_What needs to be done_: Find the line containing "USB充電式小型デスクトップ扇風機の正面画像" in the listing below; reproduce it and every line after, exactly. Skip pictures.

_Information provided_:
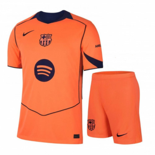 Детская резервная форма FC Barcelona нового сезона - яркий оранжевый комплект с тёмно-синими вставками и контрастной графикой, который сразу выделяется на поле. Цвет сочный и заметный, при этом выглядит аккуратно и современно за счёт тёмных деталей на вороте и рукавах. Отличный вариант, если хочется именно свежий дизайн сезона и максимальный “вау-эффект” в игре и на фото. Комплект подходит для тренировок, матчей и повседневной носки, удобно сидит и не мешает двигаться.
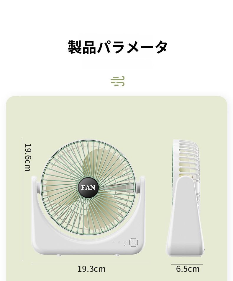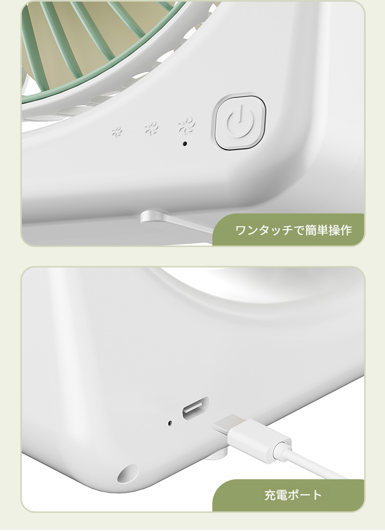 USB充電式小型デスクトップ扇風機の正面画像
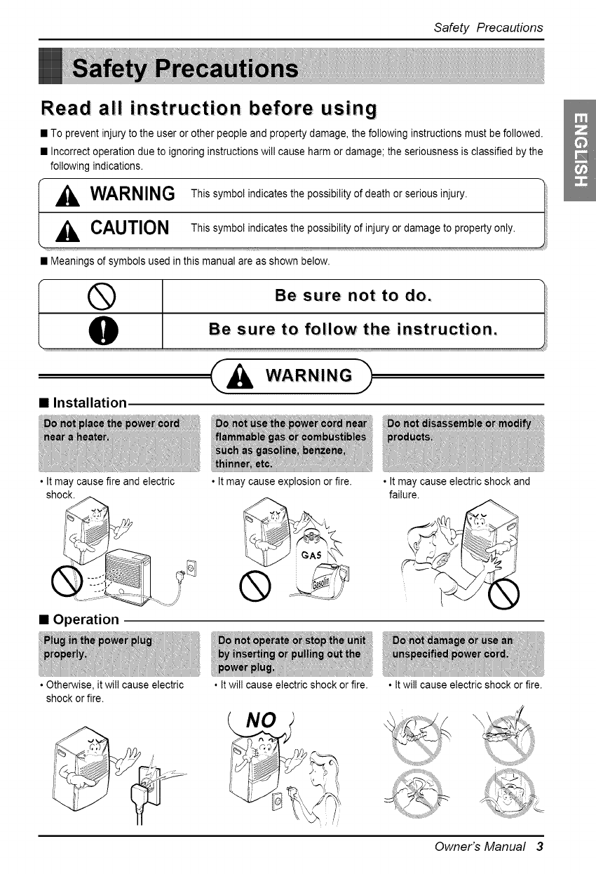 • To prevent injury to the user or other people and property damage, the following instructions must be followed.

_Task solution_:
 USB充電式小型デスクトップ扇風機の正面画像
 • To prevent injury to the user or other people and property damage, the following instructions must be followed.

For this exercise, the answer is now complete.